____ Data provided

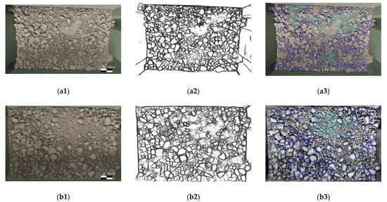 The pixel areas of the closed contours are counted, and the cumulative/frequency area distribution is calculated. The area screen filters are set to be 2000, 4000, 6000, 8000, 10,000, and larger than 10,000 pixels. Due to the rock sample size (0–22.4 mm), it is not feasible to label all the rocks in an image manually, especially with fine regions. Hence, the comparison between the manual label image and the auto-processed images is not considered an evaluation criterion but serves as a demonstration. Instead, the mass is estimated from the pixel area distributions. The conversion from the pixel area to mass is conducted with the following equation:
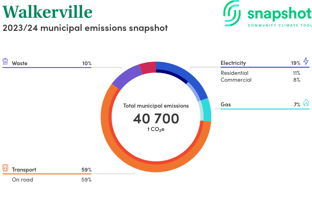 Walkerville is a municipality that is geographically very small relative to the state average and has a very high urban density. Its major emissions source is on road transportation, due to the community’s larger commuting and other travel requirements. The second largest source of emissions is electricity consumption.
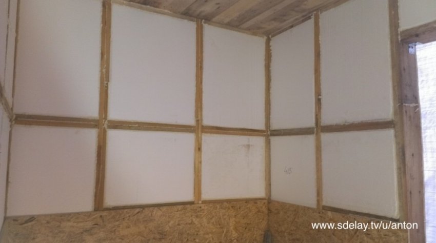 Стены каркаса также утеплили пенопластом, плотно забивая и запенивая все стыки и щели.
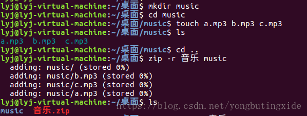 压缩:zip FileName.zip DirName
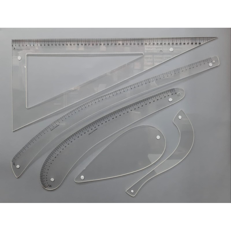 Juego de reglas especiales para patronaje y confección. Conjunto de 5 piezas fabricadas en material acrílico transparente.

________
____ Data provided

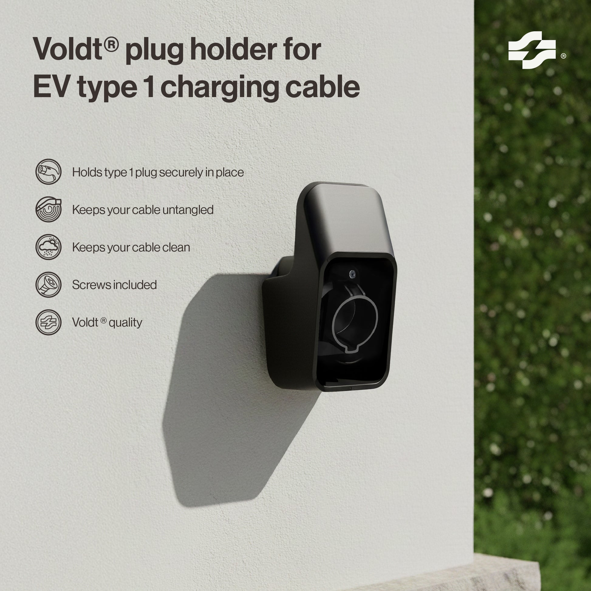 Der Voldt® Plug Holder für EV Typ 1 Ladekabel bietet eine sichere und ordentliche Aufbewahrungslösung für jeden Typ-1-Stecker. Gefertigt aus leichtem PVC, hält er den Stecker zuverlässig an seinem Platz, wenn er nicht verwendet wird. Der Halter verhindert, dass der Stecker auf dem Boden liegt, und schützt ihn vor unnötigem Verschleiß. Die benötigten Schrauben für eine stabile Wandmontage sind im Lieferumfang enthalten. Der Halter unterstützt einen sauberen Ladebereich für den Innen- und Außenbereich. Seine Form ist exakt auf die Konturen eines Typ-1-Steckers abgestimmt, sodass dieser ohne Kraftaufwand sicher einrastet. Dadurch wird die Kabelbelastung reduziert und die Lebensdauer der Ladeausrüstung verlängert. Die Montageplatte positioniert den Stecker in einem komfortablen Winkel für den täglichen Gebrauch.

________

Your assignment
Copy out the lines above from the line containing "The pixel areas" through the line containing "Juego de reglas", exactly, and keep the pictures out.

Answer section
 The pixel areas of the closed contours are counted, and the cumulative/frequency area distribution is calculated. The area screen filters are set to be 2000, 4000, 6000, 8000, 10,000, and larger than 10,000 pixels. Due to the rock sample size (0–22.4 mm), it is not feasible to label all the rocks in an image manually, especially with fine regions. Hence, the comparison between the manual label image and the auto-processed images is not considered an evaluation criterion but serves as a demonstration. Instead, the mass is estimated from the pixel area distributions. The conversion from the pixel area to mass is conducted with the following equation:
 Walkerville is a municipality that is geographically very small relative to the state average and has a very high urban density. Its major emissions source is on road transportation, due to the community’s larger commuting and other travel requirements. The second largest source of emissions is electricity consumption.
 Стены каркаса также утеплили пенопластом, плотно забивая и запенивая все стыки и щели.
 压缩:zip FileName.zip DirName
 Juego de reglas especiales para patronaje y confección. Conjunto de 5 piezas fabricadas en material acrílico transparente.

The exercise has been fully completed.